Alias of Int.shiftLeft_natCast.

@[deprecated Int.shiftRight_natCast (since := "2025-03-10")]

theorem Int.shiftRight_coe_nat (m n : ℕ) : ↑m >>> ↑n = ↑(m >>> n)

Alias of Int.shiftRight_natCast.

@[simp]

theorem Int.shiftLeft_negSucc (m n : ℕ) : negSucc m <<< ↑n = negSucc (Nat.shiftLeft' true m n)

@[simp]

theorem Int.shiftRight_negSucc (m n : ℕ) : negSucc m >>> ↑n = negSucc (m >>> n)

theorem Int.shiftRight_add' (m : ℤ) (n k : ℕ) : m >>> (↑n + ↑k) = m >>> ↑n >>> ↑k

Compare with Int.shiftRight_add, which doesn't have the coercions ℕ → ℤ.

bitwise ops

theorem Int.shiftLeft_add (m : ℤ) (n : ℕ) (k : ℤ) : m <<< (↑n + k) = m <<< ↑n <<< k

theorem Int.shiftLeft_sub (m : ℤ) (n : ℕ) (k : ℤ) : m <<< (↑n - k) = m <<< ↑n >>> k

theorem Int.shiftLeft_eq_mul_pow (m : ℤ) (n : ℕ) : m <<< ↑n = m * ↑(2 ^ n)

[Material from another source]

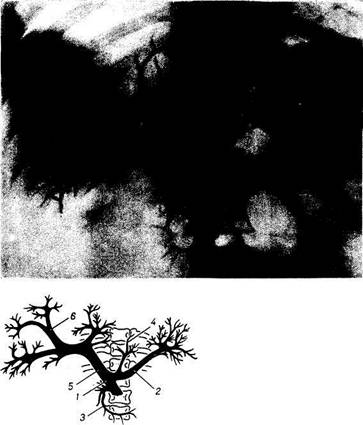 Рис. 250. Артериоэнцефалография на живом человеке. Стрелками показаны скопления контрастного вещества в сосудах нижней поверхности головного мозга. 1 — внутренняя сонная артерия на шее; 2 — внутренняя сонная артерия в сонном канале; 3 — передняя мозговая артерия; 4 — средняя мозговая артерия. Рис. 251. Томография легкого на живом человеке (видны разветвления легочной артерии). Благодаря одновременному рентгеновскому изображению костей на рентгенограммах любой области тела легко определяется скелетотопия артерий (рис. 250). С помощью послойного рентгенологического исследования (томография) грудной клетки без введения какого-либо контрастного вещества на светлом поле легкого хорошо выявляется легочный ствол с разветвлениями (рис. 251). Изучению на живом доступна и венозная система, исследуемая с помощью инъекции рентгеноконтрастного вещества и последующей рентгенографии — флебография. Этот метод позволяет получить изображение большинства вен, крупных (полые вены, присердечные и магистральные) и более мелких. Удается получить рентгеновское изображение вен конечностей и внутри-органных вен. Путем введения рентгеноконтрастного вещества через пупочную вену можно получить изображение воротной вены и ее ветвей внутри печени (портография; рис. 252). При этом на рентгенограмме выявляются тончайшие вены, вследствие чего такая рентгенограмма венозных разветвлений на живом не уступает коррозионному препарату печени. Новейший метод рентгеновского исследования — электрорентгенография — выявляет на живом тончайшие разветвления кровеносных сосудов паренхиматозных органов, например легких, благодаря чему рентгеновская картина интраорганных сосудов на живом не уступает таковой, полученной анатомическими способами (инъекция, коррозия, просветление).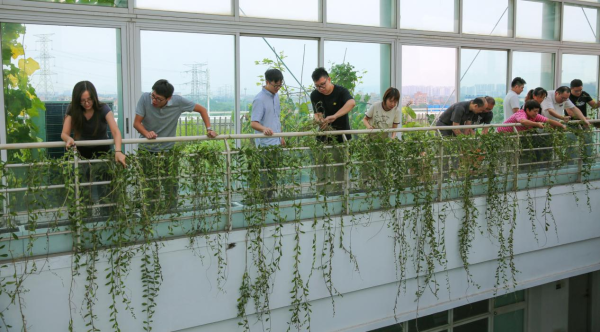 隨著時(shí)間的推移,一株株嫩綠的“光耀滕”在員工們的精心呵護(hù)下茁壯成長(zhǎng)。它們逐漸伸展出茂密的枝葉,綻放出絢爛的花朵,仿佛是為迎接雙節(jié)同慶而特別準(zhǔn)備的祝福。此外,這些“光耀滕”不僅美化了職工小家的環(huán)境,還為員工們提供了一個(gè)放松心情、享受自然的綠色空間。忙碌之余,員工們都會(huì)不由自主地走到窗前,欣賞這些生機(jī)勃勃的綠色植物,感受它們帶來的清新與寧?kù)o。

theorem Int.one_shiftLeft (n : ℕ) : 1 <<< ↑n = ↑(2 ^ n)

@[simp]

theorem Int.zero_shiftLeft (n : ℤ) : 0 <<< n = 0

@[simp]

theorem Int.zero_shiftRight' (n : ℤ) : 0 >>> n = 0

Compare with Int.zero_shiftRight, which has n : ℕ.